Simple text data formats are great stuff. No, no kidding. Take, for example, the banal txt-files. Well, the beauty! In any iron there is a text editor, you can open the file, read, write. Any self-respecting programming language out of the box will give you the means to work with text files. Or here are the early network protocols - SMTP, POP3, HTTP 1.0. It is generally such bliss that tears in my eyes well. You can take telnet, connect to the server, give commands and read the answers! Writing clients, servers, sniffers, proxies is a pleasure.

But time does not stand still and the convenience of the programmer, unfortunately (or fortunately!), Has long ceased to be the main criterion for the choice of technology. It was necessary to add graphics, pictures and links to beautiful text files - and now we have the pdf and doc formats. With network protocols in general trouble - for some reason people needed traffic compression, encryption, multiplexing and other scary things. And now we have HTTP / 2 , with which you will not really work with a telnet. Even all the beautiful REST are different goats like Google, no, no, and they are trying to replace it with some kind of gRPC . And I have not yet begun to argue that little text files are saved now - for some reason everyone uses some kind of database, completely unreadable when opened with a text editor, but with ~~some kind of magic that~~ allows to structure, index, search effectively. etc.
')
And here we come to the topic of what I would like to discuss. As you can see, all data storage formats, protocols and other things have come a long way in search of their optimal form. However, we, programmers, continue to write the code of our programs in text files, as our grandfathers did it 50 years ago (or is it more?). Whatever OS we use, whatever trendy language we choose, no matter how cool our IDE is - the result of writing the code will be letters in a text file. That, you see, in theory is completely unnecessary, because our computer letters are needed like a hare stop signal. He needs machine instructions for execution, it’s just easier for us to describe them in some letters. But in fact, after all, the “cycle” or “function” will be what they are, how you don’t name them and where you don’t keep them. "The rose smells like a rose, even if you call it a rose, though not."

Yes, we are used to writing code in text files. You open the file - well, it seems to see the code of your program. Some part of it, or rather. Somehow you see. You see. Well, or think you understand. But you also open, see and understand the post on Facebook - and Facebook didn’t keep this post exactly in the text file.

Let's see what problems the storage of code creates in the form of a set of text lines.

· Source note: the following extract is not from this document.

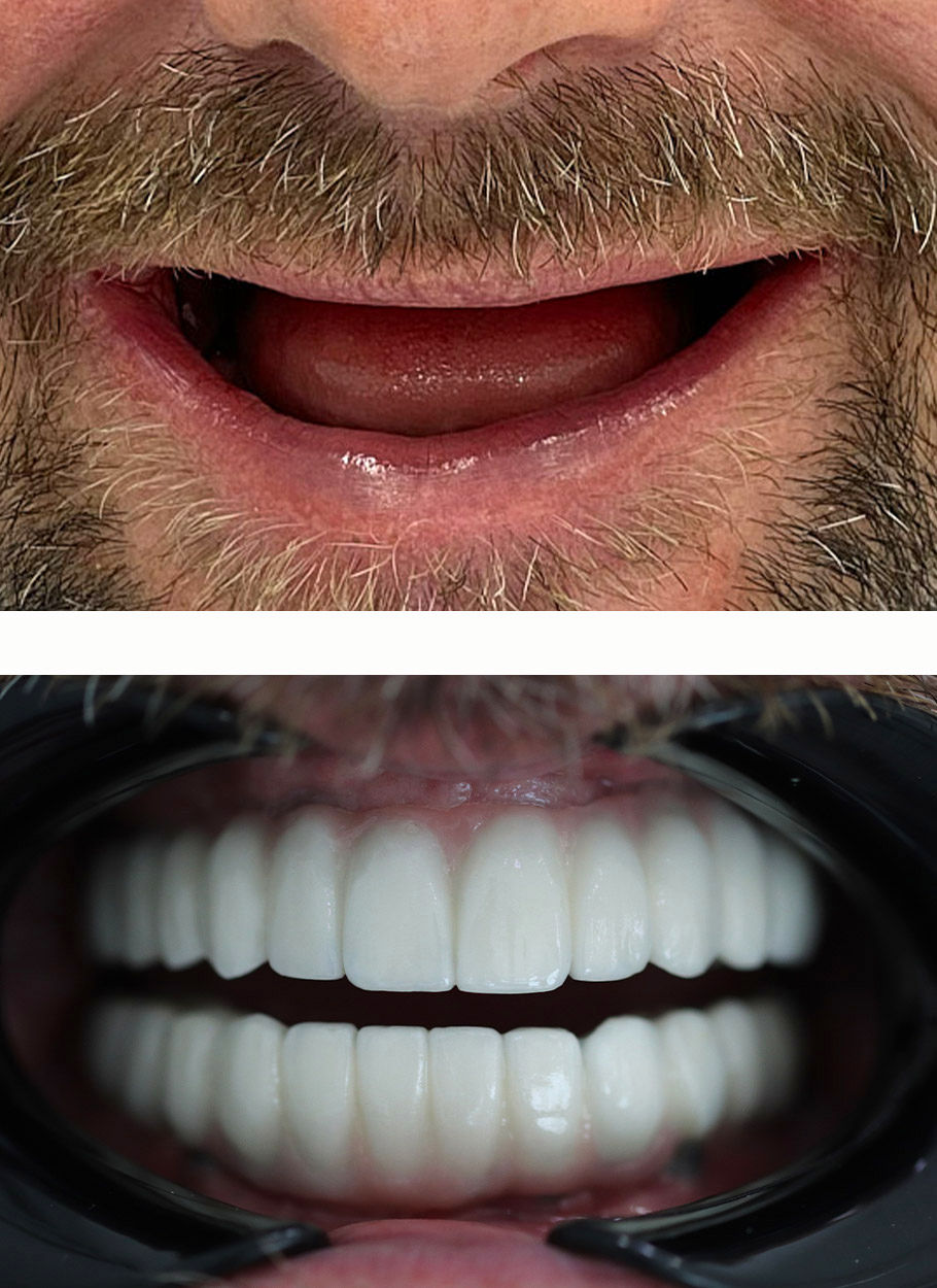 Prostheses screwed onto the implants were installed on 6 upper and lower implants; these prostheses completely restored chewing function and aesthetics, positively restoring his daily life and confidence for everyday activities.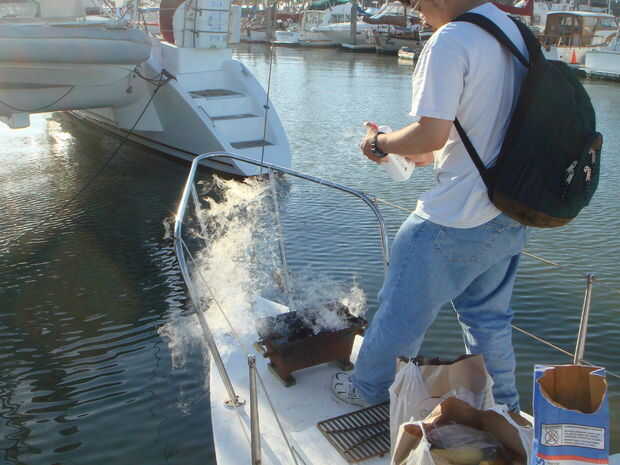 Algunas personas empezaron a asar verduras para arriba en la proa del barco.

All this is terribly inconvenient to handle all the tools we use.
All the code that we write will later be read by a bunch of programs: IDE, its plugins, compiler, debugger, static analysis tools, version control, build server, etc. All of them are just incredibly like text formats (in fact - no). Each of them will read them, analyze them (i.e. you already see the useless work of dozens of development teams for each programming language), waste time on it. And they will sometimes make mistakes, or not make mistakes, and understand your code slightly differently. It's no secret that the IDE and some of its plug-ins can offer different auto-completion and different means of refactoring for the same code. And how it would be nice if one tool once turned the letters you wrote into some AST-like representation (perhaps extended, with metadata) and saved it all in the database, which we will call the “code base of the project”. And then each tool would have turned to this database, according to certain protocols, obtaining stable, standardized and predictable results. The closest approach to the ideal, which I know today, is a project from Google, called Kythe . There is still far from ideal, but the direction is correct.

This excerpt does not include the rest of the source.